TASK INSTRUCTIONS:
Leave the images aside and repeat the whole listing exactly.

COLLECTED DATA:
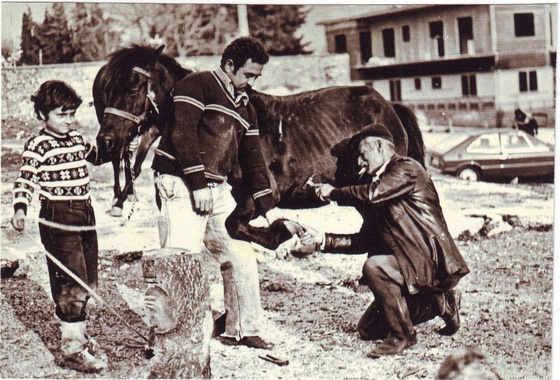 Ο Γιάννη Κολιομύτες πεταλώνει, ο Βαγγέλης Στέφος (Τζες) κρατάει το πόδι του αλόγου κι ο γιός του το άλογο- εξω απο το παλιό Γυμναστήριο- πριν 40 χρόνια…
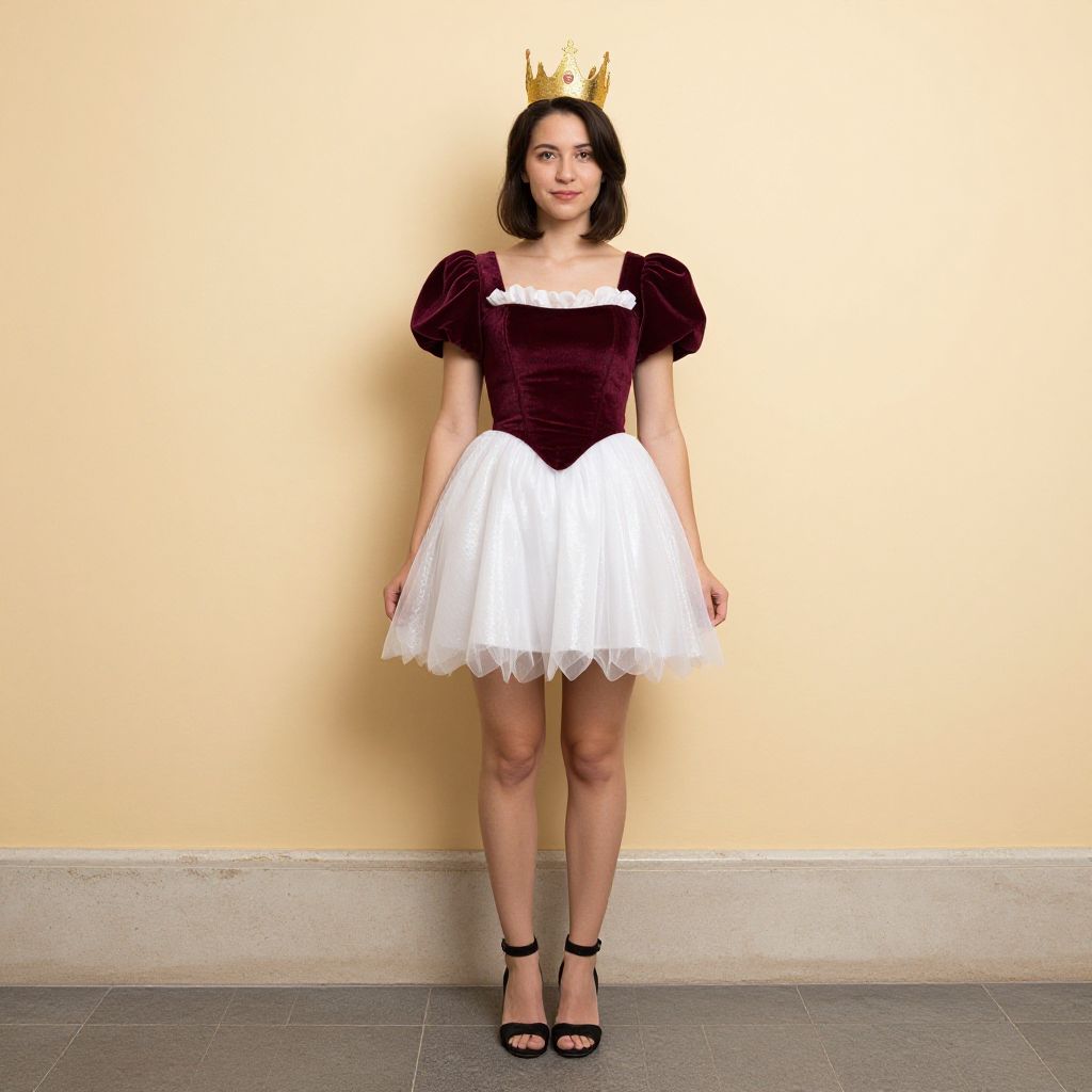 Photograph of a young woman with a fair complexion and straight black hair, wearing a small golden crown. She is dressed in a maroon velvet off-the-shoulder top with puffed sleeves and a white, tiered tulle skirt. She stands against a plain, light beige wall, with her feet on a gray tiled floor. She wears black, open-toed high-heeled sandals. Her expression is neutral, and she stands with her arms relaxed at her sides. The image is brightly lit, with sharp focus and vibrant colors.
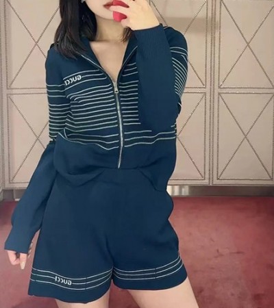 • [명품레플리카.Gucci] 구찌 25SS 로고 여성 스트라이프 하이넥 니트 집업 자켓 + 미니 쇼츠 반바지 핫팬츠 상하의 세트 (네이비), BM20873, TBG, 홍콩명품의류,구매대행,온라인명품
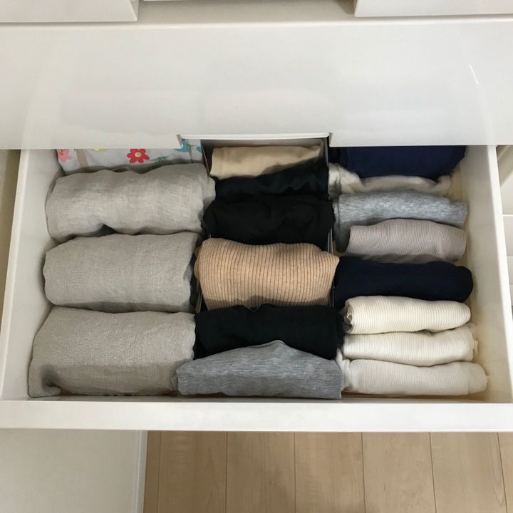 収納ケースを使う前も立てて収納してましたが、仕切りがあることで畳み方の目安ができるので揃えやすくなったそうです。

WRITTEN SOLUTION:
 Ο Γιάννη Κολιομύτες πεταλώνει, ο Βαγγέλης Στέφος (Τζες) κρατάει το πόδι του αλόγου κι ο γιός του το άλογο- εξω απο το παλιό Γυμναστήριο- πριν 40 χρόνια…
 Photograph of a young woman with a fair complexion and straight black hair, wearing a small golden crown. She is dressed in a maroon velvet off-the-shoulder top with puffed sleeves and a white, tiered tulle skirt. She stands against a plain, light beige wall, with her feet on a gray tiled floor. She wears black, open-toed high-heeled sandals. Her expression is neutral, and she stands with her arms relaxed at her sides. The image is brightly lit, with sharp focus and vibrant colors.
 • [명품레플리카.Gucci] 구찌 25SS 로고 여성 스트라이프 하이넥 니트 집업 자켓 + 미니 쇼츠 반바지 핫팬츠 상하의 세트 (네이비), BM20873, TBG, 홍콩명품의류,구매대행,온라인명품
 収納ケースを使う前も立てて収納してましたが、仕切りがあることで畳み方の目安ができるので揃えやすくなったそうです。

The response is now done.